As a Prince George RCMP general duty officer, Claude Cipelletti spends his working days catching criminals.
Being good at his job requires patience, stealth, intuition and an exceptional understanding of his surroundings - qualities that have served him well during his 16-year career with the RCMP. The goal is to always be one step ahead of his targets and predict where they might be hiding to boost the odds of trapping them.
He applies the same philosophy to his favourite pastime, fly fishing.
For the 58-year-old Cipelletti, it's not just a hobby, it's his passion. His fishy forays began when he was a boy in Montreal and his dad first handed him a trolling rod. By the time he was 10, he was practicing casts with his first fly rod. The thrill of snagging a live wiggler never grew old and as an adult he's taken it the next level, entering competitions.
This week he's in Trentino, Italy, preparing to land the big ones at the world fly fishing championships. Cipelletti has been named captain of the five-member Canadian team that will compete against 29 other countries in team and individual events. The three days of competition includes five three-hour sessions on scenic rivers and lakes set against the backdrop of the Dolomites mountain range in northeastern Italy. Competing for trophies, each fisherman will try to catch the biggest and the most fish in each session.
"It's going to be a lot of fun and I'm going to try to do well for the country," he said. "In fly fishing competition there's some luck involved. It's a lottery for where you get to fish on the river and if you don't get the right spot then you won't do very well."
The 38th annual event starts on Monday and runs through to Sept. 23. The 150 competitors will be trying to reel in brown trout, rainbow trout, European grayling and a species of char called Marmota, an aggressive fish similar to bull trout. He'll be using light two- or four-pound test line that easily sinks to the bottom of the river, where the fish are usually found.

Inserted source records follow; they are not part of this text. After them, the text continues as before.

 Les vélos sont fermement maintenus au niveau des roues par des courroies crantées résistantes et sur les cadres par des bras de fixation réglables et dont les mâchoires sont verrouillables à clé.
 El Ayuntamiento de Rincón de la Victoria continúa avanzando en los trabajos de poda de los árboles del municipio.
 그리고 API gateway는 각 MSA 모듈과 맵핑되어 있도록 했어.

"It's just like an investigation, you've got to get to the bottom of things," laughed Cipelletti.
"Marmota can get quite big, which will be interesting, because we'll be rigged for trout and one of those brutes can actually grab your fly and all hell breaks loose," he said.
Practice makes perfect, and Cipelletti and the other Canadian team members are already in Italy scouting out the terrain and testing the waters, with help from their reconnaissance scouts. Different conditions require different techniques, based on the speed and slope of the current, the type of river bed (rocky or flat) and what insects reside in the rivers and lakes. Having the right fly for the job is crucial and Cipelletti ties his own.

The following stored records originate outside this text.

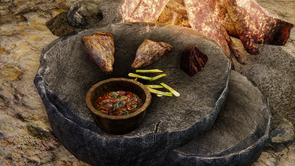近くには錬金器具(乳棒と乳鉢)や料理鍋、前の族長が置いていった日記も置かれています。
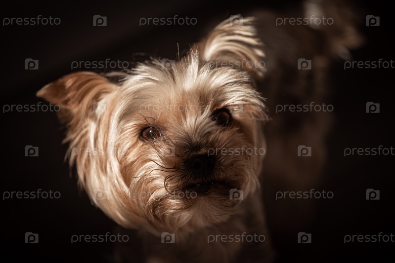 Портрет йоркширского терьера крупным планом. Портрет собаки йоркширского терьера на светлом, размытом фоне, избирательный фокус
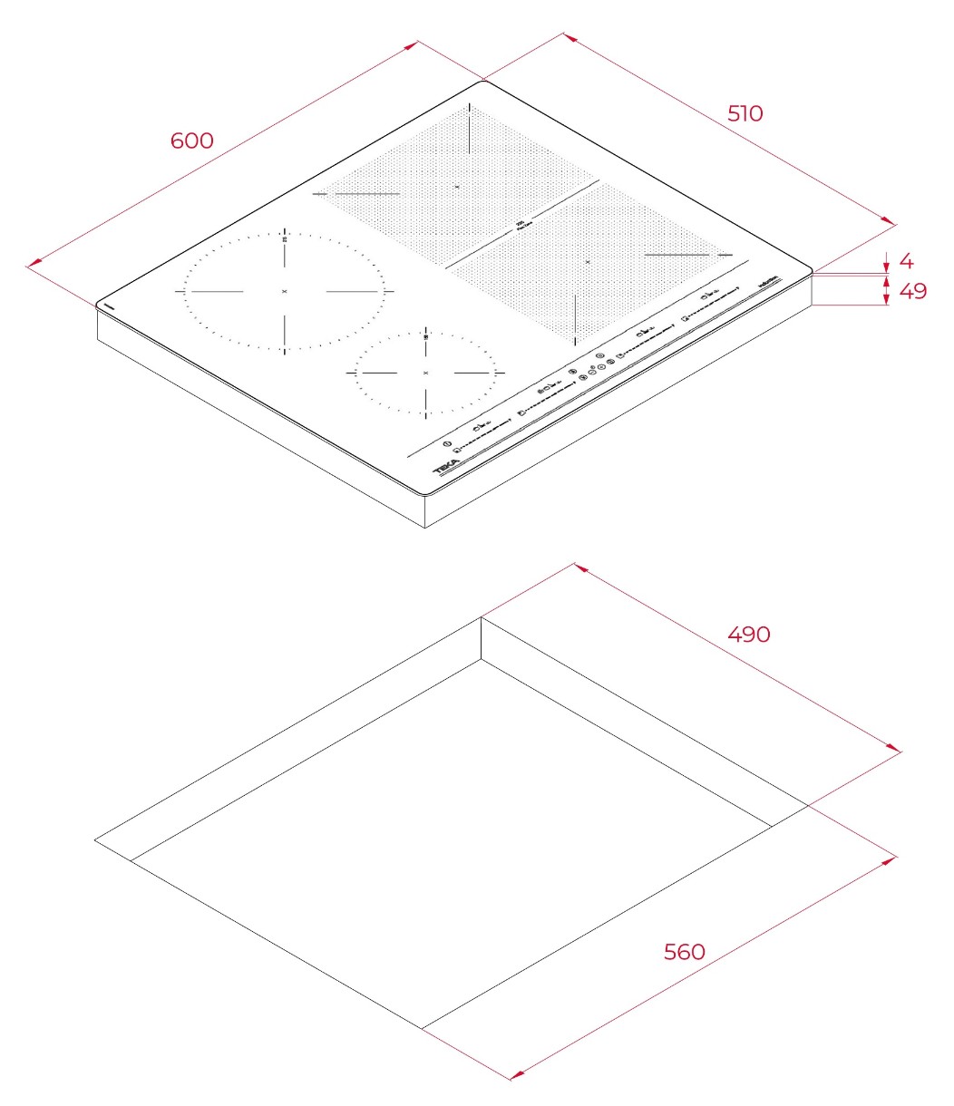 Размеры для встраивания (ШхГ)56x49 см

He'll have time to experiment before the competition begins - to devise tactics for each of the five areas. Each competitor will draw a specific area in the lottery and has to stick to that area under the supervision of an official, who measures the fish and checks to make sure all equipment is legal.
While it's rare to find a competition in Canada, the sport is extremely popular overseas and Europeans don't have to travel far to find the next event.
"They compete every weekend, they do it all the time and there's lots of people," said Cipelletti. "It's very difficult to make (European) teams because there's so many people. It's easier here."
Cipelletti finished 18th overall as the top Canadian at the America Cup in 2014 in Vail, Colo., and twice finished third in the individual and team events at the national championships.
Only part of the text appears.